(RECORD EXTRACTS begins)

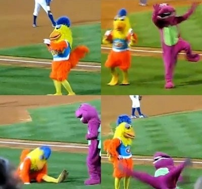 게시물은 경쟁 붙은 알바 유튜브 영상을 캡처한 것이다. 영상 속에는 야구장에서 인형탈을 쓰고 퍼포먼스를 하는 알바생들의 모습이 담겨 있다. 닭 인형 탈을 쓴 알바생과 공룡 탈을 쓴 알바생이 춤 대결을 펼친다.
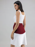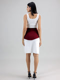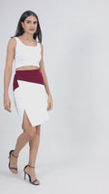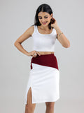 WHITE MAROON SLIT SKIRT
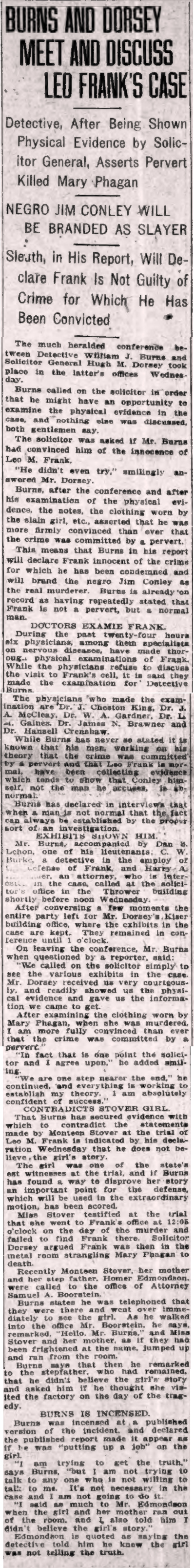 Detective William J. Burns, after being shown physical evidence by Solicitor General Hugh M. Dorsey, asserts that a pervert killed Mary Phagan and that Negro Jim Conley will be branded as the slayer. In his report, Burns will declare Leo M. Frank innocent of the crime for which he has been convicted.
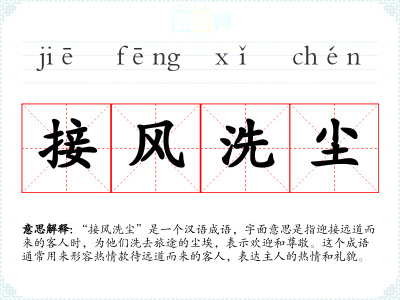“接风洗尘”是一个汉语成语,字面意思是指迎接远道而来的客人时,为他们洗去旅途的尘埃,表示欢迎和尊敬。这个成语通常用来形容热情款待远道而来的客人,表达主人的热情和礼貌。
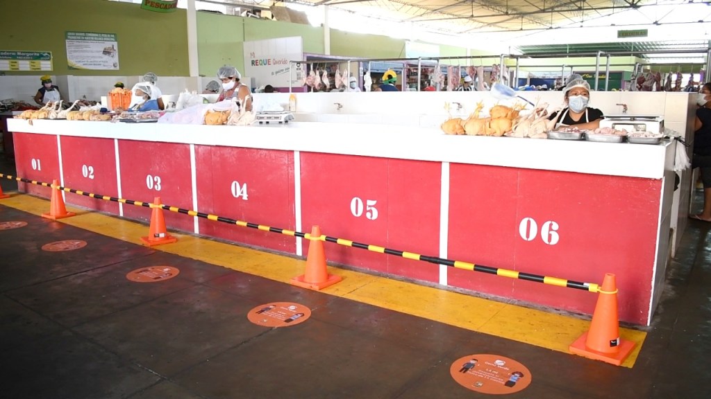 El uso permanente de las mascarillas, la indumentaria con gorros y mandiles para los vendedores, la señalización para el cumplimiento del distanciamiento social, la regulación de manejo de residuos sólidos, la implementación de lavatorios para el lavado de manos y los dispensadores de alcohol en gel, son algunas de las medidas regulatorias que se han implementado en dicho centro de abastos.
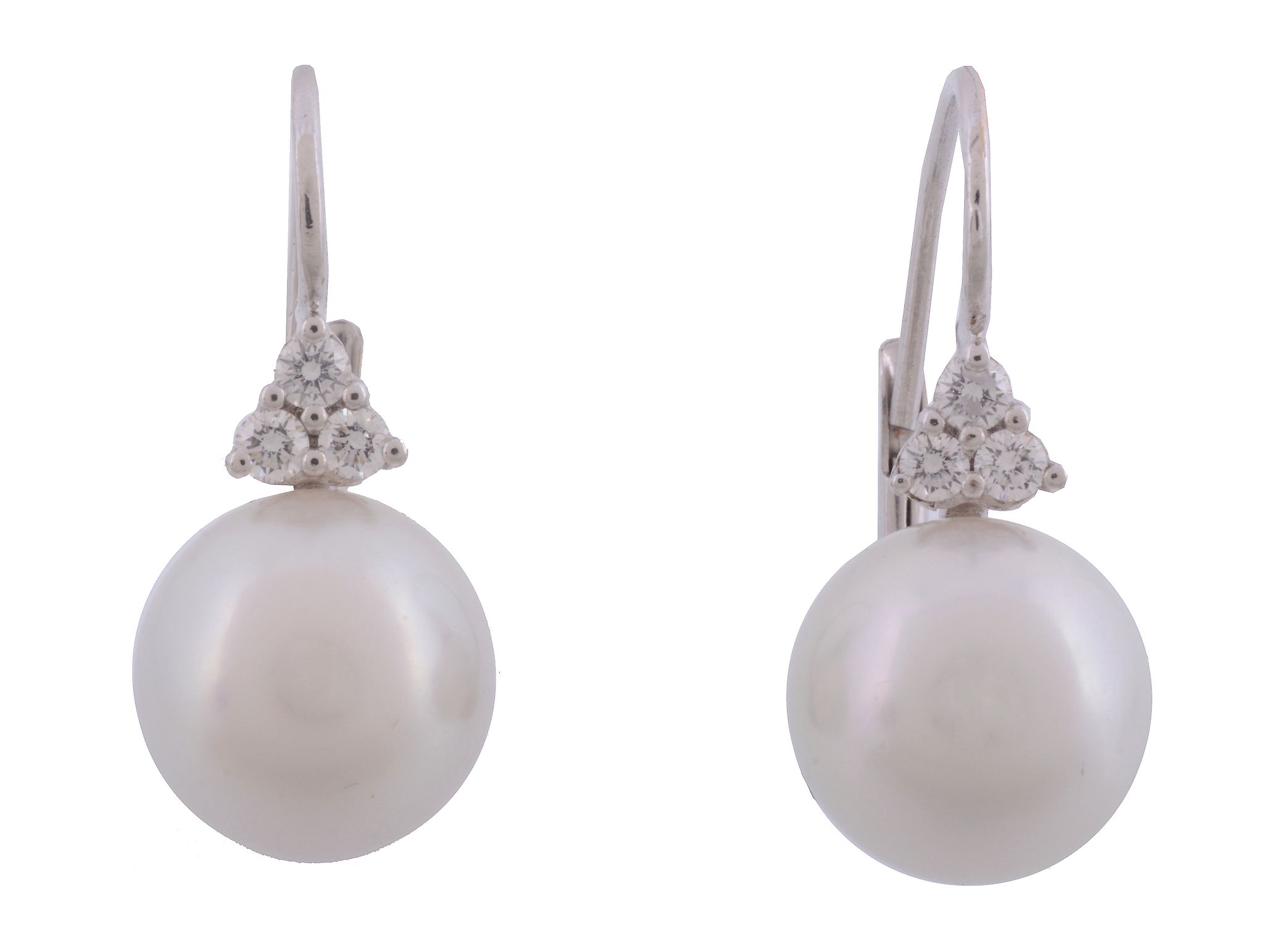 the cultured pearls measuring 12mm diameter, below three brilliant cut diamonds, stamped 750 with Italian control marks, 2.8cm long
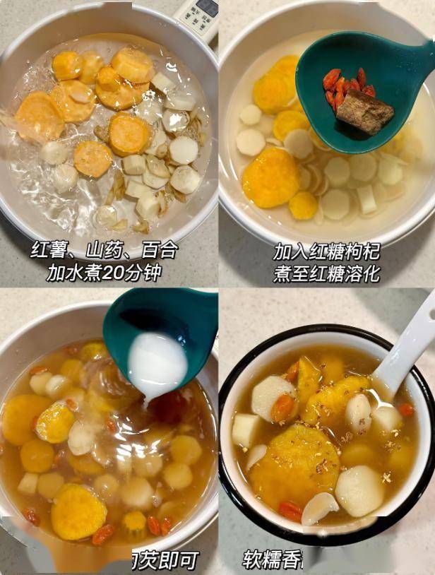 3.红薯百合山药羹:滋润温养脾胃
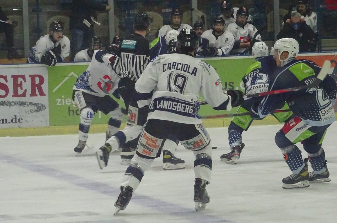 Tore: 1:0 (1:11) Edgars Homjakovs (Schusser, Rubes), 1:1 (4:15) Adriano Carciola (Rypar, Mitchell), 2:1 (9:50) Michael Kirchberger (Habermann, Palka), 2:2 (24:54) Maximilian Raß (Krammer), 2:3 (37:03) Christopher Mitchell (Gäbelein), 3:3 (40:27) Nick Latta (Rubes, Müller), 4:3 (41:30) Edgars Homjakovs (Schmidt, Schusser), 5:3 (43:00) Marius Schmidt (Rubes, Jakob), 5:4 (45:00) Patrik Rypar (Carciola, Raß), 6:4 (48:39) Edgars Homjakovs (Louis Latta, Schmidt), 7:4 (54:24) Dennis Palka (Nick Latta, Rubes), 7:5 (57:00) Dennis Sturm; Strafminuten: Weiden 6 – Landsberg 10; Powerplay: Weiden 1/5 – Landsberg 0/3; HSR: Thorsten Lajoie [/box]
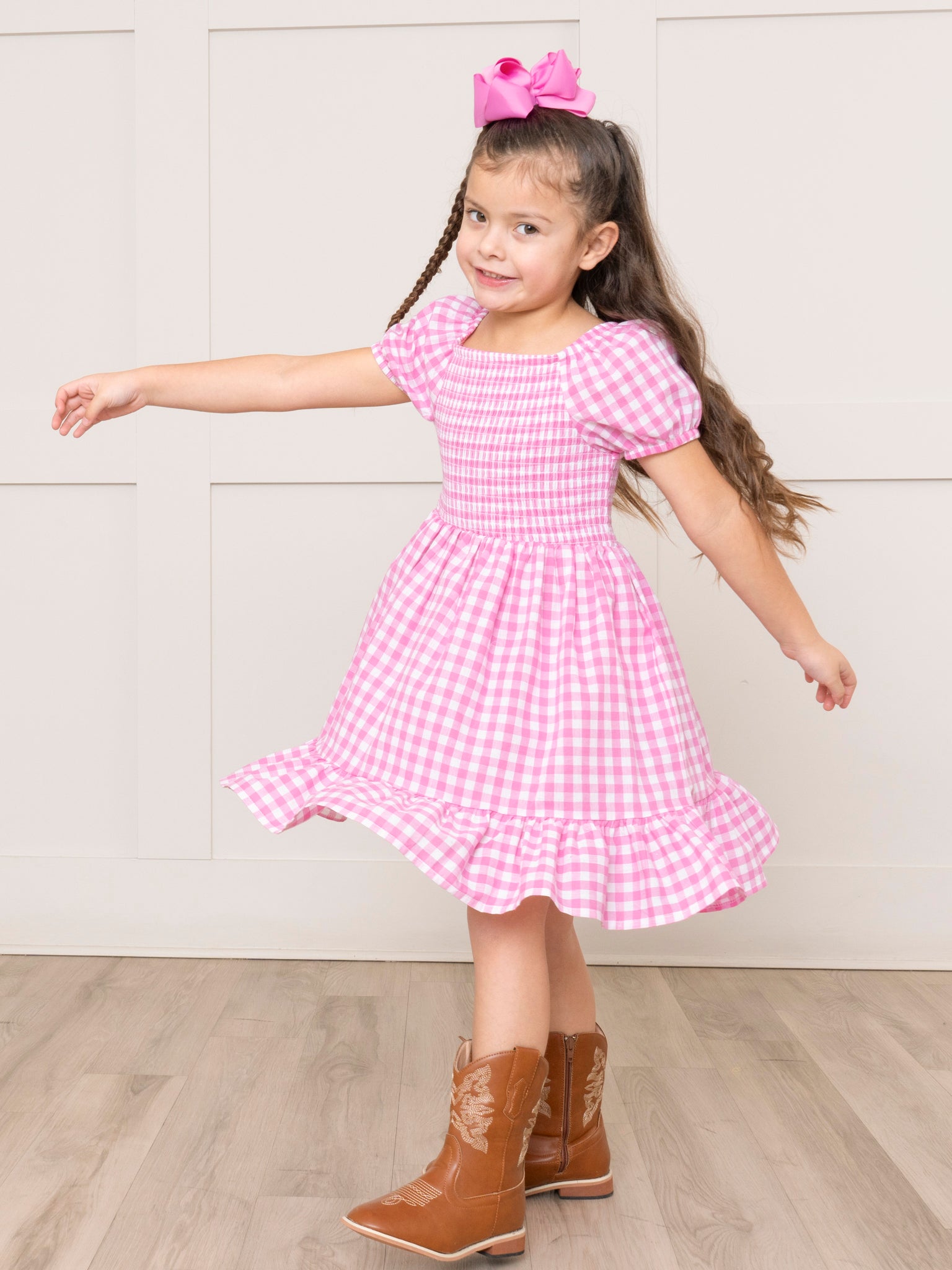 Hot Pink Gingham Smocked Ruffle Dress
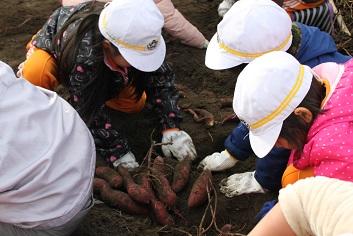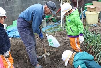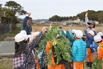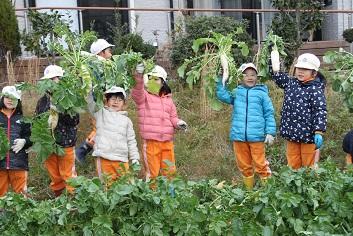 2018年12月12日 13時42分12月11日(火)、1年生が金賀さんの畑で2回目の「いもほり」に挑戦しました。おまけに今回は、隣に植えてあった大根の収穫(大根は「引く」というのですね)もさせていただきました。子どもたちは、自分の足よりも太い大根を、お土産にいただいてきました。子ども達は、自分自身で収穫させていただいたことで、大根はさつまいもと違って少し地面から出ていて、大きい割にはすぐに抜けることや、葉っぱが白い部分と同じくらいに大きいことなど、いろいろなことに気づくことができました。これを、食育のみならず様々な学習に発展させることができるよう、工夫していきたいと思います。金賀さん、本当にありがとうございました。
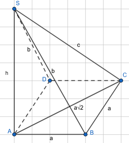 Wyznacz pole powierzchni całkowitej ostrosłupa ABCDS, którego podstawą jest kwadrat ABCD, a krawędź boczna AS jest jego wysokością, jeśli wiadomo, że jest ona równa 3, a krawędź podstawy ma długość 4.

(RECORD EXTRACTS ends)

» TASK DIRECTIONS
Exactly as they appear above, give the records again, without their pictures.

» RESULT BELOW
 게시물은 경쟁 붙은 알바 유튜브 영상을 캡처한 것이다. 영상 속에는 야구장에서 인형탈을 쓰고 퍼포먼스를 하는 알바생들의 모습이 담겨 있다. 닭 인형 탈을 쓴 알바생과 공룡 탈을 쓴 알바생이 춤 대결을 펼친다.
 WHITE MAROON SLIT SKIRT
 Detective William J. Burns, after being shown physical evidence by Solicitor General Hugh M. Dorsey, asserts that a pervert killed Mary Phagan and that Negro Jim Conley will be branded as the slayer. In his report, Burns will declare Leo M. Frank innocent of the crime for which he has been convicted.
“接风洗尘”是一个汉语成语,字面意思是指迎接远道而来的客人时,为他们洗去旅途的尘埃,表示欢迎和尊敬。这个成语通常用来形容热情款待远道而来的客人,表达主人的热情和礼貌。
 El uso permanente de las mascarillas, la indumentaria con gorros y mandiles para los vendedores, la señalización para el cumplimiento del distanciamiento social, la regulación de manejo de residuos sólidos, la implementación de lavatorios para el lavado de manos y los dispensadores de alcohol en gel, son algunas de las medidas regulatorias que se han implementado en dicho centro de abastos.
 the cultured pearls measuring 12mm diameter, below three brilliant cut diamonds, stamped 750 with Italian control marks, 2.8cm long
 3.红薯百合山药羹:滋润温养脾胃
 Tore: 1:0 (1:11) Edgars Homjakovs (Schusser, Rubes), 1:1 (4:15) Adriano Carciola (Rypar, Mitchell), 2:1 (9:50) Michael Kirchberger (Habermann, Palka), 2:2 (24:54) Maximilian Raß (Krammer), 2:3 (37:03) Christopher Mitchell (Gäbelein), 3:3 (40:27) Nick Latta (Rubes, Müller), 4:3 (41:30) Edgars Homjakovs (Schmidt, Schusser), 5:3 (43:00) Marius Schmidt (Rubes, Jakob), 5:4 (45:00) Patrik Rypar (Carciola, Raß), 6:4 (48:39) Edgars Homjakovs (Louis Latta, Schmidt), 7:4 (54:24) Dennis Palka (Nick Latta, Rubes), 7:5 (57:00) Dennis Sturm; Strafminuten: Weiden 6 – Landsberg 10; Powerplay: Weiden 1/5 – Landsberg 0/3; HSR: Thorsten Lajoie [/box]
 Hot Pink Gingham Smocked Ruffle Dress
 2018年12月12日 13時42分12月11日(火)、1年生が金賀さんの畑で2回目の「いもほり」に挑戦しました。おまけに今回は、隣に植えてあった大根の収穫(大根は「引く」というのですね)もさせていただきました。子どもたちは、自分の足よりも太い大根を、お土産にいただいてきました。子ども達は、自分自身で収穫させていただいたことで、大根はさつまいもと違って少し地面から出ていて、大きい割にはすぐに抜けることや、葉っぱが白い部分と同じくらいに大きいことなど、いろいろなことに気づくことができました。これを、食育のみならず様々な学習に発展させることができるよう、工夫していきたいと思います。金賀さん、本当にありがとうございました。
 Wyznacz pole powierzchni całkowitej ostrosłupa ABCDS, którego podstawą jest kwadrat ABCD, a krawędź boczna AS jest jego wysokością, jeśli wiadomo, że jest ona równa 3, a krawędź podstawy ma długość 4.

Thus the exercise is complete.